College of Computer and Information Engineering, Tianjin Normal University, Tianjin, China.
GLAM - Group on Language, Audio, & Music, Imperial College London, UK.
Neural Netw. 2021 Sep;141:52-60. doi: 10.1016/j.neunet.2021.03.013. Epub 2021 Mar 23.
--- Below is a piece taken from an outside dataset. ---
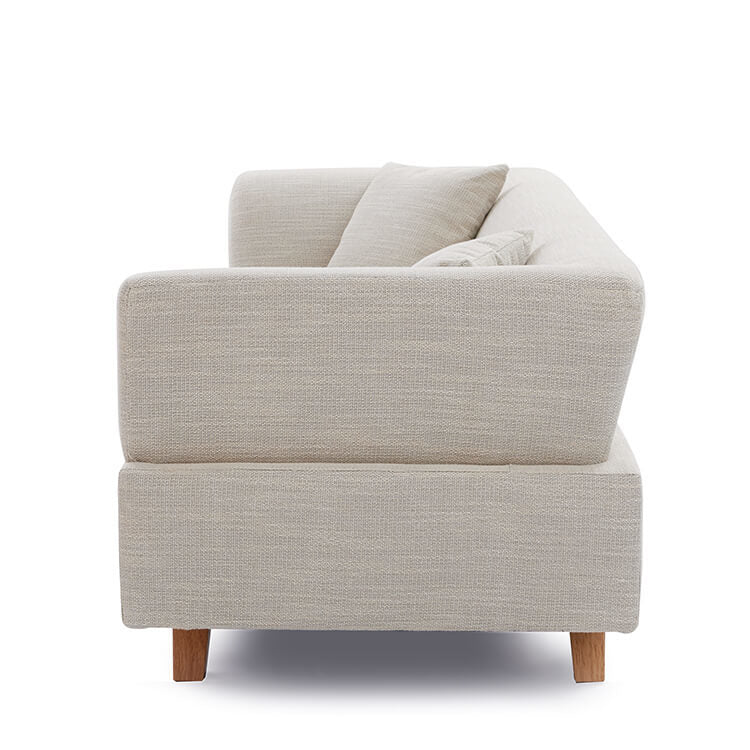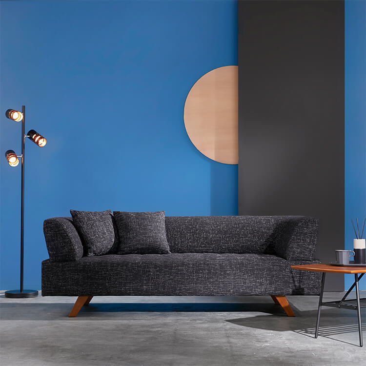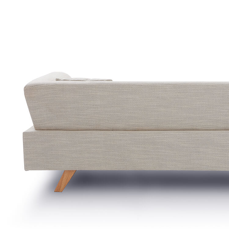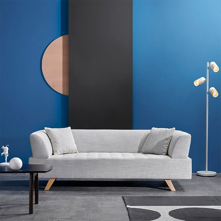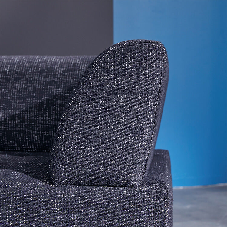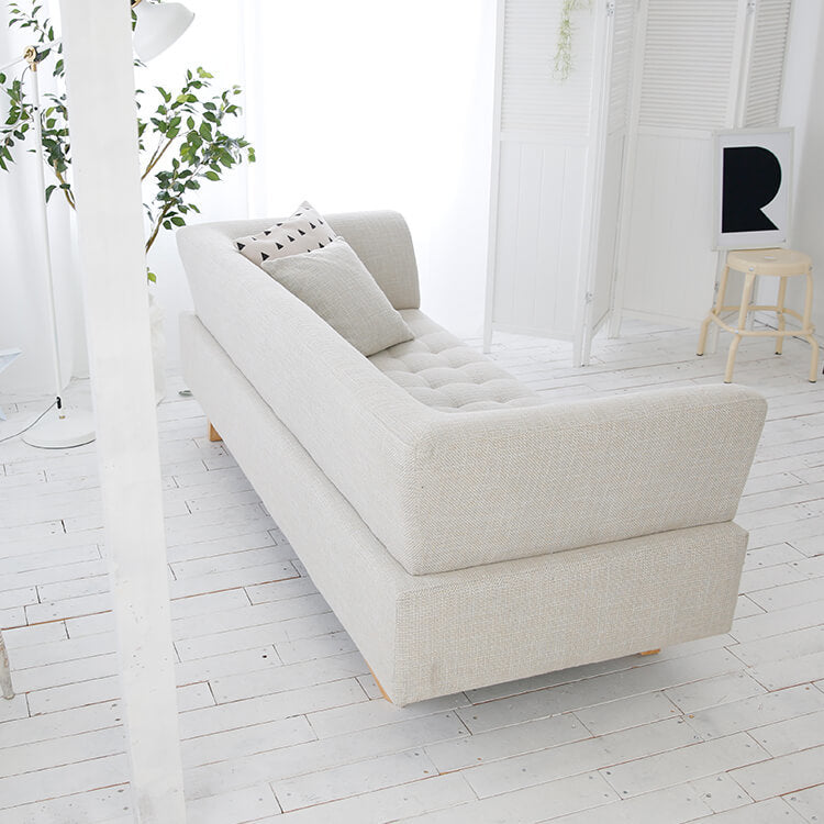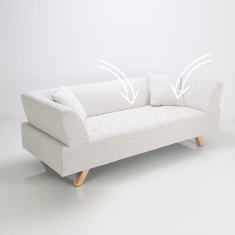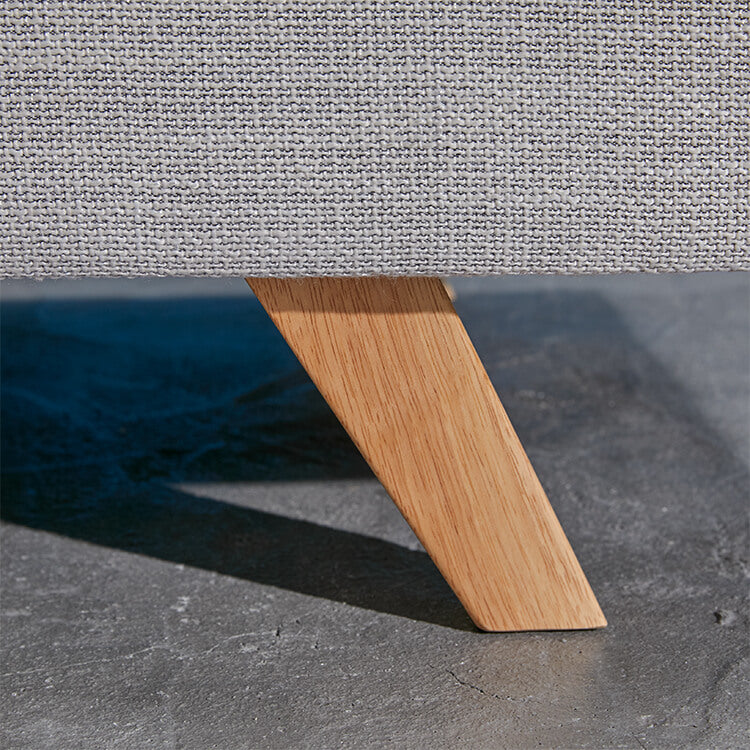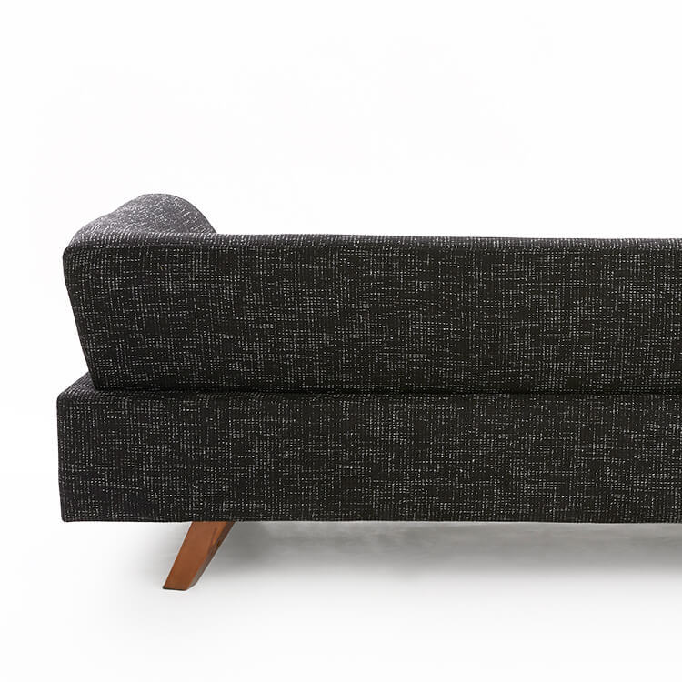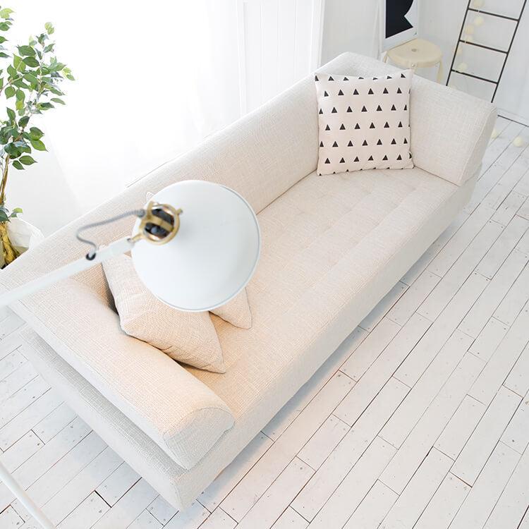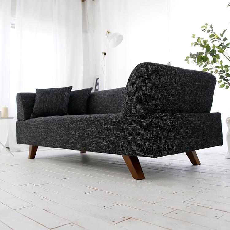 あなたの毎日に、すっと溶け込むデザインソファ。それは、美味しい料理を惹き立てる美しい器のような存在。リビングに圧迫感なく馴染んで、さりげなくセンスの良さを光らせる。そんな一台に仕上がりました。360度どこから見ても美しいシルエットは、デザイナーズソファならでは。アームから背面までのストレートなラインと、見落としがちな背面のデザインが特徴的。背もたれからアーム部分までコの字型に座面を囲む事で、不思議とコーナー部分にスポッとハマる心地よさが生まれました。このコーナーを是非体感してください。背もたれと同じ高さのアーム。本を読んだりタブレットを操作したり、ちょっと腕や頭を置くのにちょうどいい高さ設計になっています。

A challenging issue in the field of the automatic recognition of emotion from speech is the efficient modelling of long temporal contexts. Moreover, when incorporating long-term temporal dependencies between features, recurrent neural network (RNN) architectures are typically employed by default. In this work, we aim to present an efficient deep neural network architecture incorporating Connectionist Temporal Classification (CTC) loss for discrete speech emotion recognition (SER). Moreover, we also demonstrate the existence of further opportunities to improve SER performance by exploiting the properties of convolutional neural networks (CNNs) when modelling contextual information. Our proposed model uses parallel convolutional layers (PCN) integrated with Squeeze-and-Excitation Network (SEnet), a system herein denoted as PCNSE, to extract relationships from 3D spectrograms across timesteps and frequencies; here, we use the log-Mel spectrogram with deltas and delta-deltas as input. In addition, a self-attention Residual Dilated Network (SADRN) with CTC is employed as a classification block for SER. To the best of the authors' knowledge, this is the first time that such a hybrid architecture has been employed for discrete SER. We further demonstrate the effectiveness of our proposed approach on the Interactive Emotional Dyadic Motion Capture (IEMOCAP) and FAU-Aibo Emotion corpus (FAU-AEC). Our experimental results reveal that the proposed method is well-suited to the task of discrete SER, achieving a weighted accuracy (WA) of 73.1% and an unweighted accuracy (UA) of 66.3% on IEMOCAP, as well as a UA of 41.1% on the FAU-AEC dataset.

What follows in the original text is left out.